Yelp Data Analysis. This is part of my blog post multipart series. Find more details about the data analysis and implementation details there.
There's also a dockerized version available.
With this dataset, we shall explore these 4 (10 actually 😉) questions.
- How did generosity change over time? How does it compare by reviews' growth ?
- How does it vary by region / sex ?
- Is there any relationship between the reviews and tips left by any given user?
- Is it different when looked from a business' perspective ?
- How did gender diversity change over time?
- How is it related to the contribution of reviews & tips?
- Predict the rating given by a user just from his/her review.

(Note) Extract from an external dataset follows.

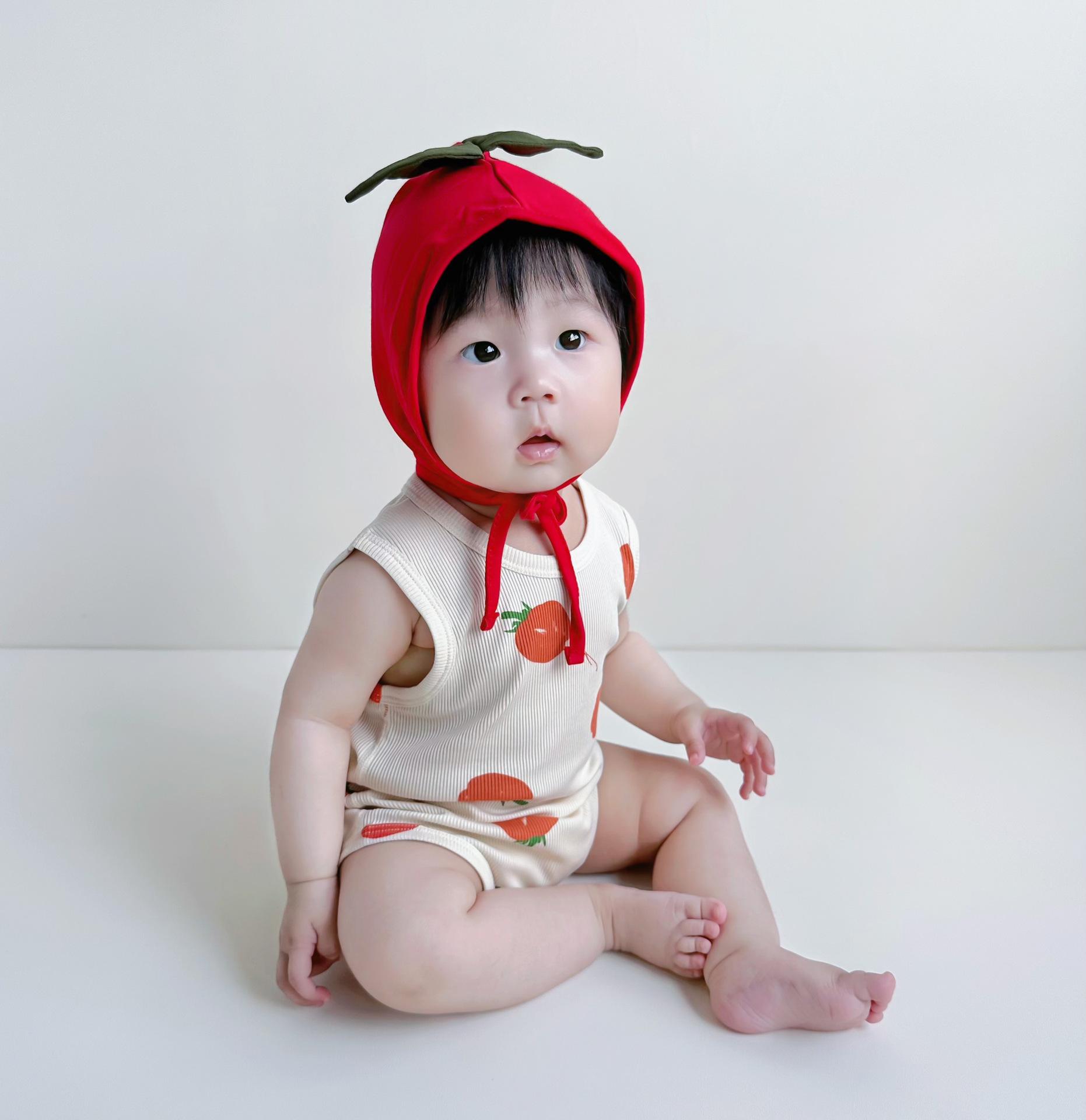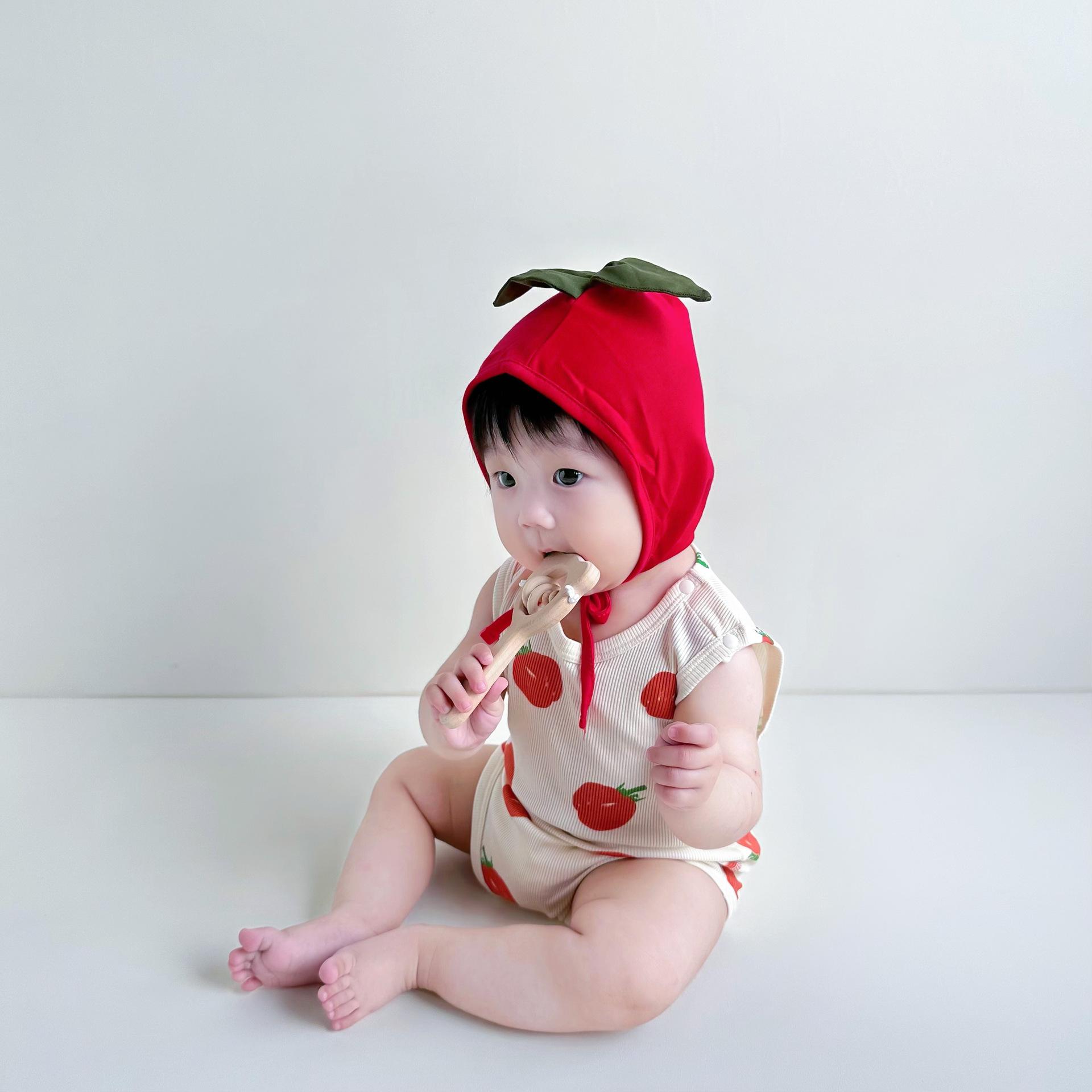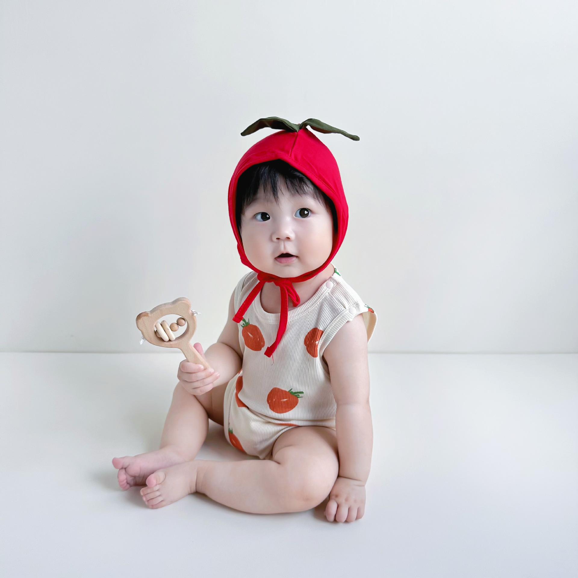 25 Nuevo Mameluco de Verano para Bebé Estilo Ins Estilo K Estilo Estampado de Tomate Traje Harem Tipo Bolsa para Bebé

- In other words, perform a fine grained sentiment classification.
- Install the packages:
pandas, seaborn, keras, wordcloud, scikit-learn, pyspark
- Download the Yelp dataset to your local system
- Keep the extracted JSON files in the folder named
./data/yelp_dataset
.
- Download glove embeddings to your local system and extract them.
- We need just
glove.6B.100d.txt
... you can also use others if you wish to. Move them to./data/embeddings
.
- Download the baby names dataset from here.
- Extract it and place the
names
folder under./data/
directory.
Run the notebook and/or follow the blog post.
(You should be able to see the visualizations in the above notebook if rendered correctly. Open it with nbviewer here, in case if it doesn't.)